Unicode and UCS (Unified Character Set) – ISO 10646
When we are talking about the ASCII or EBCDIC codes we are viewing the world as a place where everyone speaks and uses English, using the characters and symbols we are all familiar with. There is a problem!
Many languages do not use the 26 letters of the English alphabet. There are literally thousands of symbols used, for example, to write Chinese. Then there are Japanese symbols, characters used in the Russian alphabet, Greek, Thai, Runic, Bengali, Tamil, Telugu, Arabic, Malay, Lao, Khmer, Tibetan, Ethiopian, Gujarati, Cherokee, Mongolian, Yi and the list goes on and on and on. It goes further than that, however. There are also many mathematics symbols in use all over the world and all kinds of other symbols, such as the scripts used by the writer Tolkien (of Lord of the Rings fame)! And of course there may be many new scripts and symbols added in the future. If there is to be a way for users of software to access the characters in any language, and if we all want to access the greatest possible range of symbols used in the world, then clearly we are going to have to think a little bit bigger than ASCII. This is especially true for companies who do business globally or who need to create multi-lingual documents.
We have seen that ASCII is simply a list of 256 numbers (8 bits), each number being allocated one of the characters or symbols that you can see on the keyboard in front of you. We have to do this because computers can only understand numbers not characters. Unicode uses exactly the same process as ASCII. It is a list of numbers, each number being allocated a particular character or symbol. However, Unicode is a much bigger list than the 256 numbers available in ASCII. In fact, the standard that defines Unicode and UCS, called ISO 10646, uses 31 bits. This gives about 2000 million codes. Unicode only uses a subset of this however, using 16 bits to give about 65000 unique codes that have been allocated to symbols.

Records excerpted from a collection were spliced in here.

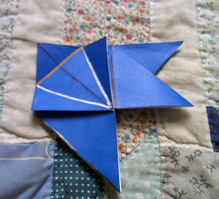Step 5. This is quite complex step, and if I were a more dutiful blogger I would have taken pictures that illustrated it in full :( Behind the gold line, there should be a kind of hidden flap. Pull it out, and then valley fold it along the gold line. The end result should look like a pinwheel, as shown in the next picture.
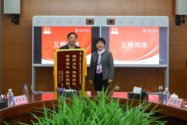 座談會(huì)開始前,石大與北京市國(guó)資委、農(nóng)工委舉行了互贈(zèng)錦旗儀式與游行服裝贈(zèng)予儀式。
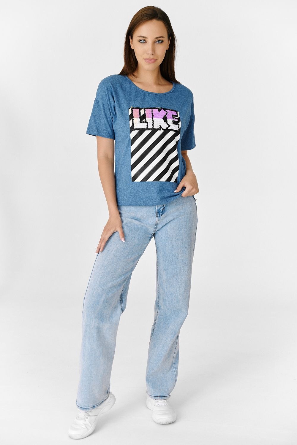 Футболка прямого силуэта, с округлой горловиной спереди и V-образной на спинке, с удлиненной спинкой. Рукав короткий. В верхней части спинки обработан фигурный вырез со шнуром. Горловина обработана бейкой из основного полотна. На полочке эффектная печать с пайетками
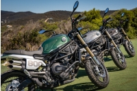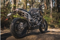 El equipamiento de fabrica es muy completo e incluye manillar ancho regulable, chasis multitubular de acero, basculante de doble brazo, llantas de aleación delantera de 17 y trasera de 17 también con Pirelli MT60, horquilla invertida Marzocchi de 50 mm no regulable, monoamortiguador trasero regulable en precarga y extensión, mordazas de freno delanteras y traseras Brembo. Para la versión trail los cambios son rines de radios cruzados (19” adelante) sellomatic con Pirelli Scorpion Rally STR y cambios en el sistema de escape para hacerlo más alto con un estilo más offroad.
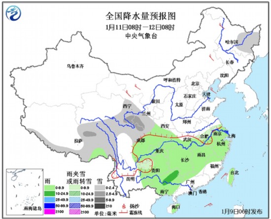 中国气象网讯 据中央气象台预报,10日开始,长江中下游及其以南地区自西向东将会出现一次降水过程。大部地区以小到中雨为主,其中,贵州西部、江淮等地的部分地区将有雨夹雪,青藏高原中东部、西北地区东南部等地有小到中雪。
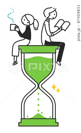 砂時計を見て悩む男性と喜ぶ女性 ちまっとした人物
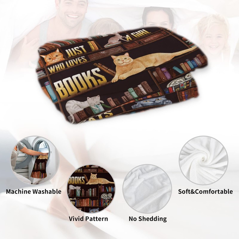 - 📚Easy Care: The Just A Girl Who Loves Books and Cats Blanket is made of high-quality material and exquisite sewing technique. Machine wash on gentle cycle with cold water, and our blanket will come out without any shrinking, color loss, or shedding. It's made to last and doesn't lose its luxurious softness even after months of use.
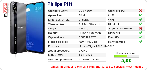 Dane telefonu Philips PH1 na Twojej stronie
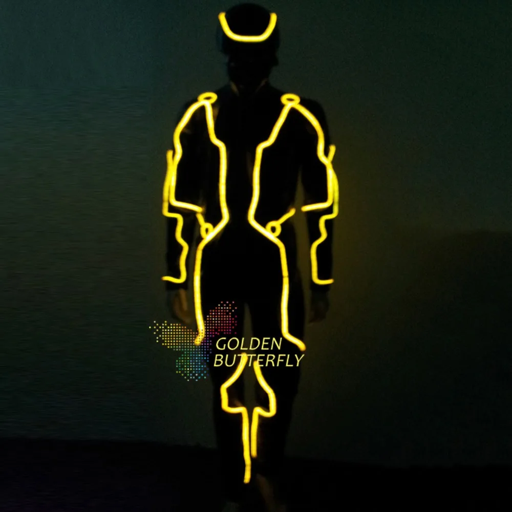 ^ Goedkoop EL Clothing Cold Light Glowing Dance LED Clothing EL Indian Luminous Costumes Scintillation Costume Men Cold Strip Party Lage kosten
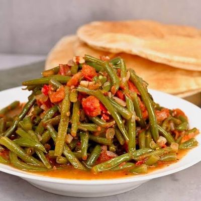 Moroccan green bean stew in a zesty tomato sauce, onions, garlic, & aromatic spices
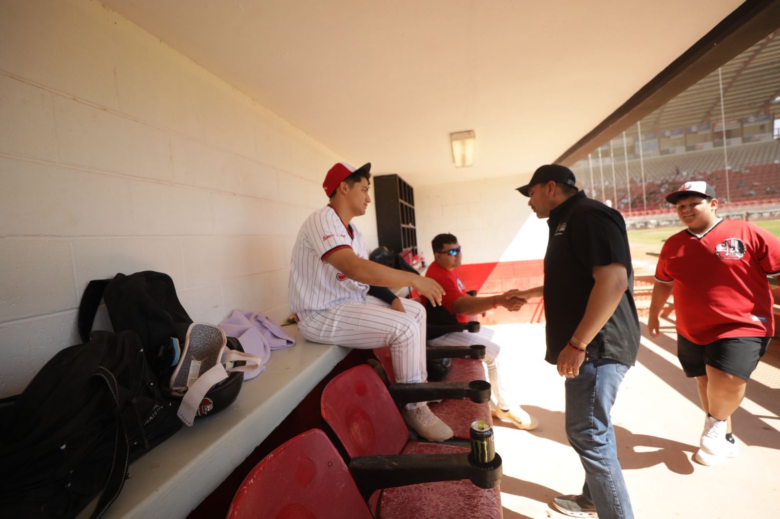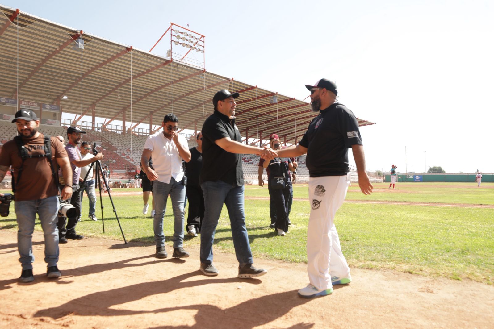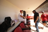 Posteriormente, el alcalde juarense se dirigió a la banca de los Indios. Allí, estrechó la mano de jugadores y cuerpo técnico, reconociéndolos por su memorable victoria en la Liga Estatal. A la novena indígena les transmitió el sentir de la ciudad: Juárez está muy contenta por su logro y los apoyará incondicionalmente en la próxima temporada.
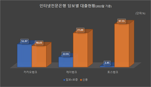 토스뱅크의 지난해 기준 담보·보증 규모는 2115억원으로 전체대출 금액의 2.45%다. 반면 신용대출(8조4279억원) 규모는 전체대출 금액의 97%에 달한다. 카카오뱅크의 경우 담보·보증 대츨 규모는 14조4925억원으로 52% 수준이다. 경기악화로 차주의 신용리스크가 악화될 경우 케이·토스뱅크를 중심으로 건전성이 악화될 수 있다는 것이다.
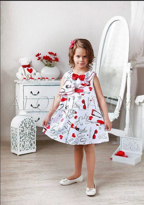 Платье для девочки расклешенного силуэта, выполнено из атласа с оригинальным, современным принтом. По верхней части лифа изделие украшено воланами и атласным бантом, в тон платья. Застежка на потайную молнию на спинке. Этот очаровательный наряд подойдёт как для праздничного мероприятия, так и для прогулок.
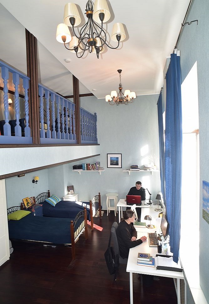 Живем мы в кельях, вмещающих от двух до шести человек. Некоторые кельи — двухъярусные, с устроенными антресолями. Это очень удобно — можно жить и отдыхать на втором этаже, а готовиться к занятиям ‒ на первом.
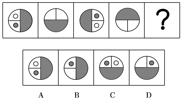 移动。图形组成相同,考虑位置类规律。观察发现,题干图形中灰色半圆依次顺时针移动一格,白色小圆与灰色小圆依次逆时针移动一格,当位置重合时,白色小圆与灰色小圆被灰色半圆遮挡,据此规律,只有 A 项符合。故本题答案为 A 项。

Don’t be confused by the two common standards ‘Unicode’ and ‘UCS’. They originally started out as two different standards but the two organisations saw the light and decided that one system would be better for all concerned. They are still separate standards but have become in practical terms interchangeable. Also note that Unicode has incorporated ASCII.
Unicode, HTML and web browsers
Have you ever written some HTML code for a website? Suppose you want to display a special symbol such as a trademark symbol on the website. You would use the ™ in your code. This is because the Unicode symbol for the trademark symbol, ™ is ™. Δ will display the Greek letter delta. You can easily find a Unicode reference for your website by doing a search for ‘HTML Unicode’.
Another point to make about Unicode is that if web browsers are to be used by many different peoples from the entire world then they need to understand more than just ASCII code. The latest web browsers make use of Unicode and can therefore be used universally. (You may need to set up your web browser properly or install the appropriate fonts if you are having problems displaying Unicode characters - there is plenty of help on the Internet).